See the documentation for more usage examples.

Features/TODO

Requirements

The sub-crate with the FFI bindings (parasail_sys) relies on cmake >= 2.8.8 to build the bundled version of parasail. It's recommended to build on a system with a comparable SIMD instruction set to the target machine (ideally the target machine itself). The parasail C library generally does a good job of feature detection, but your compiler may balk at producing vector instructions for an architecture on which it's not running, potentially robbing some performance.

Contributions, Questions, and Issues

Contributions are more than welcome, especially if you're more familiar than I am with C (which is likely) or bioinformatics (which is also likely). I encourage any bug reports or requests on GitHub Issues, and I'm happy to review any pull requests.
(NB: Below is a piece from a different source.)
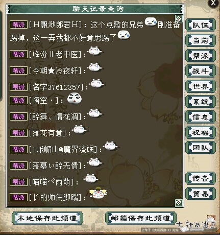由于帮派人员没有达到出勤率,所以飘渺准备T了他,但是这位机智的朋友,立马点了一首歌送帮派结果就,另送上赏功堂抽奖截图。 |

If you have questions that aren't related to a bug or requested feature, please email me or find me in the Rust IRC channels (usually #rust and #rust-beginners, nick is the same as GitHub username).

License(s)

All of the Rust code here is licensed under the MIT license. However, the code under parasail_sys/parasail_c is not mine to license and adheres to the Batelle BSD-style license.

Citations

If needed, please cite the original paper for parasail:

Daily, Jeff. 2015. "Scalable Parallel Methods for Analyzing Metagenomic Data at Extreme Scale". PhD dissertation, Washington State University. http://www.pnnl.gov/main/publications/external/technical_reports/PNNL-24266.pdf

I take no responsibility for the nice implementations of these algorithms, and I do think that the original author should be rewarded if this crate is used in an academic context.